Of course, as a programmer trained at the top educational institution in the land you should have learned to use compiler generating tools such as Coco/R, and in spite of incredible time constraints (the deadline for submissions of a prototype compiler is only 24 hours away) you should have little trouble in submitting a working system. So take up the challenge. Being open minded, the firm is prepared to accept implementations written in either Pascal or C++. They are also prepared to accept a fairly simple-minded approach to generating the assembler code - it will suffice to have a system where this is simply directed to the standard output file. And, since they have a licensed copy of Coco/R, they are prepared to accept submissions in the form of a Cocol attribute grammar plus any support modules needed, either on diskette or simply written on paper.
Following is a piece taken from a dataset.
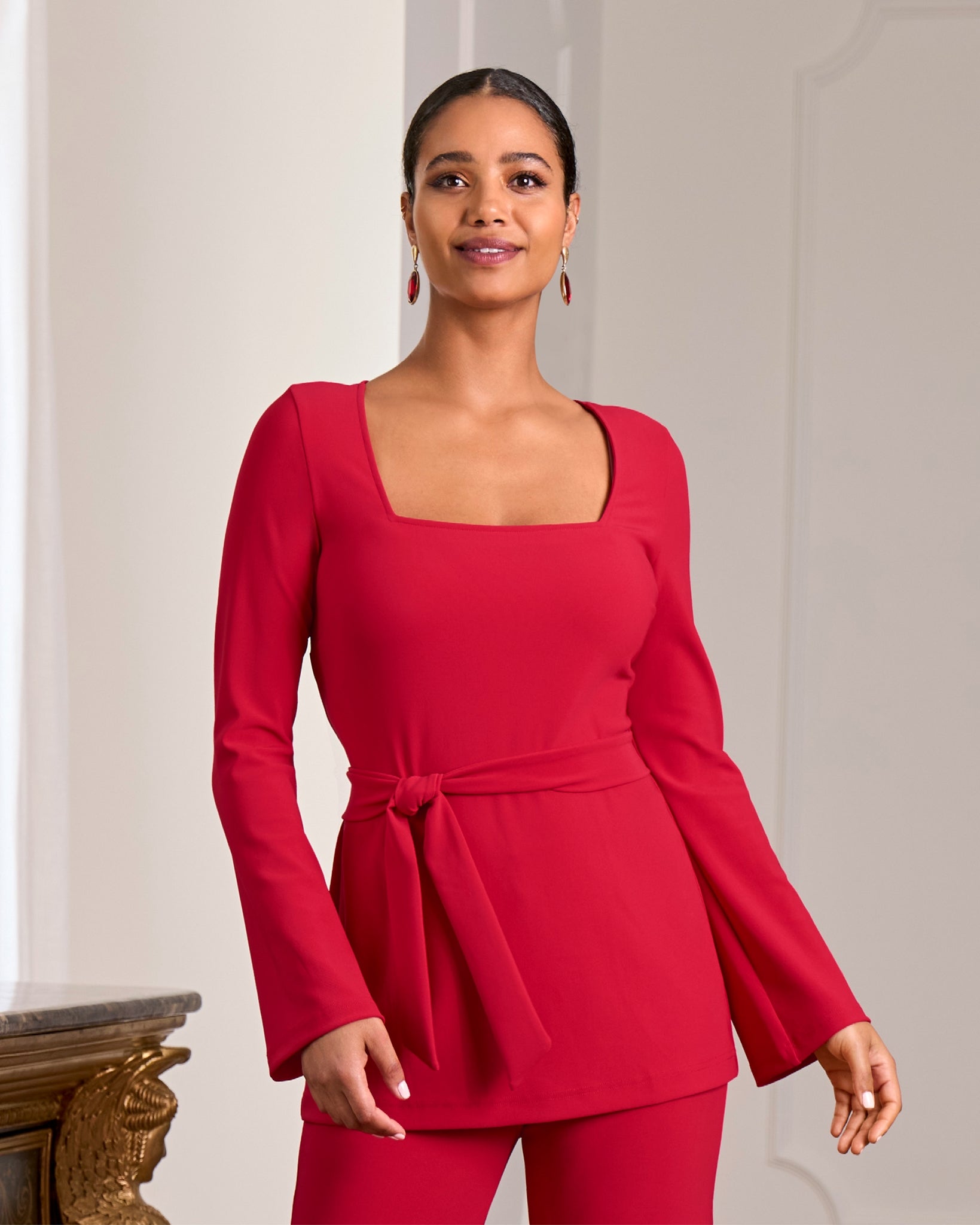 Our Beyond Travel Square Neck Tie Waist Top features a square neckline, long sleeves, and a self-tie belt. It’s made with our exclusive double-knit, four-way stretch fabric that’s wrinkle-resistant for polished comfort anywhere and everywhere. Build your wardrobe with other Beyond Travel pieces to create versatile day-to-night looks.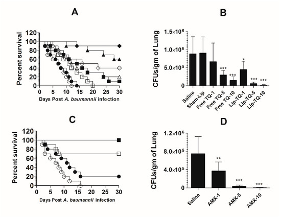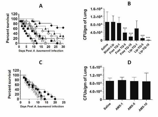 Lip-TQ or AMX effectively eliminated the drug-sensitive A. baumannii infection in a murine model. (A) Each mouse was infected with 1 × 107 CFUs of A. baumannii through an intravenous dose. After 12 h of the infection, the mice were treated with 1, 5 and 10 mg/kg of free TQ and Lip-TQ for seven consecutive days. The mice were monitored for 30 days for the survival. Saline (○), sham-Lip (●), free TQ—1 mg/kg (☐), free TQ—5 mg/kg (△), free TQ—10 mg/kg (◊), Lip-TQ—1 mg/kg (■), Lip-TQ—5 mg/kg (▲), Lip-TQ—10 mg/kg (♦). Saline vs. free TQ—1 mg/kg (p = 0.0271), sham-Lip vs. Lip-TQ—1 mg/kg (p = 0.009), free TQ—5 mg/kg vs. Lip-TQ—5 mg/kg (p = 0.0195), free TQ—10 mg/kg vs. Lip-TQ—10 mg/kg (p = 0.0195). (B) The bacterial load (CFUs) was determined as described in the methodology section. The data are represented as the means ± SD of three independent experiments. * p < 0.05, *** p < 0.001. (C) The mice infected with drug-sensitive A. baumannii were treated with AMX (1, 5 and 10 mg/kg) for seven days and their survival rate was observed on day 30 after the infection. Saline (○), AMX—1 mg/kg (●), AMX—5 mg/kg (☐), AMX—10 mg/kg (■). Saline vs. AMX—5 mg/kg (p = 0.0023), saline vs. AMX—10 mg/kg (p < 0.001). (D) The bacterial load (CFUs) was determined as described in the methodology section. The data are represented as the means ± SD of three independent experiments. ** p < 0.01, *** p < 0.001.

Hint: a complete attribute grammar may turn out to be rather long. For examination purposes it is recommended that you (a) develop a Cocol grammar describing the source language (b) add sufficient of the attributes for an intelligent examiner to be convinced that you understand the form that these would take, where semantics would be checked, and how code generation would take place (c) describe at least the interface to support routines that deal with symbol tables (function headings with adequate commentary will suffice if you do not have time to give all the details) (d) do not bother with checking that labels in the inline section are semantically meaningful, or correctly declared/defined. The examiners will be looking for evidence of quality and semantic correctness in your solutions, rather than 100% syntactically correct Cocol.
Confine yourself to simple assignment statements and comparisons like those in the example program - that is, where the right hand side of an assignment consists of a single constant or variable, and where comparisons are made for equality only, between operands that are single constants or variables - and consider only if-then- else statements where both the then and else clauses are present.
There is also no need to describe the support routines as full classes or units - simply assume that the routines can be coded up within a single #include file in the manner familiar from practicals done during the course, or included directly at the head of the grammar itself.